Tuesday, January 22, 2008

A long day and sad evening...



Tonight when I returned home after a crazy day at work, I was greeted with a beautiful view out the back door of the skyline at sunset. This house gives us such amazing views of sunsets...all year long- it's such a wonderful scene at the end of a long day and something I always look forward to. You can see that as soon as I walked in the door, I lit a ginger peach candle from Pier 1 (as always) poured myself a glass of pino grigio (is it illegal to talk about drinking wine on the Internet? I'm so new to this blog thing) and tried to catch up on emails. My friend Mara called and wondered if I'd heard about Heath Ledger...I said no. She said he died today. I was immediately heartbroken, for his life, for his family and friends. It doesn't matter that I never met him- there's something about movie stars that always intrigues me...I want them to strive for and have normal lives. I want them to raise children in privacy, and most of all, I don't want them to succumb to the same tragedy that so many of them (the rest of the world, too) end up facing- death too young. Now as I say this, I'm also thinking. "what's wrong with me?" Here I am mourning a rich movie star who had everything, when there are so many people in the world dying each day of starvation, neglect, curable and non-curable disease...but then, the movie stars are constantly in front of me on TV, in magazines, on the Internet...maybe that is the problem...but hasn't that always been the problem? The people who really need help aren't shown to us, and so then we end up empathizing with who the media wants us to empathize for- the famous.

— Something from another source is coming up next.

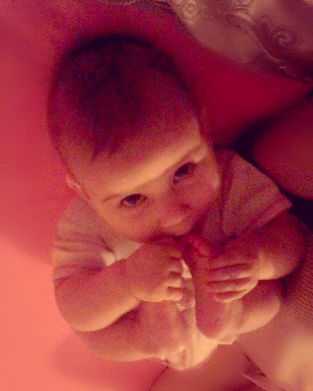 Упорно пытается сесть, что аж багровеет лицо от напряжения…может даже срыгнуть из за этого((( быстрей бы уже села!!! (но если ей придерживать ноги то она садится из положения лежа сразу, так же садится, когда цепляется за наши пальцы)

At the end of the day, I hurt ANY time I hear of people hurting, dying too young, and being affected by tragedy...today I am sad for Heath Ledger's family, friends...his 2-year old daughter...it's just awful.

On another note, I am so thankful for my new job and seeing the way God works in my life in so many ways. Today, there was a girl from the Ukraine (her first day at school was Friday) who speaks no English. She is the most beautiful little 2nd grader and such a sweet soul. God reminded me today that music IS the universal language....here is this little lady who has no clue what anyone is saying to her all day long, but I'm able to pat out rhythms with her, she's able to do dance steps to music, and able to learn words to the music (she doesn't care that she doesn't know what they mean!)....this little girl brought me so much joy today and taught me that every kid has something to contribute. Now if I can just work on those naughty, inappropriate 1st grade boys who frustrate me to no end- even after being there for only 2 days!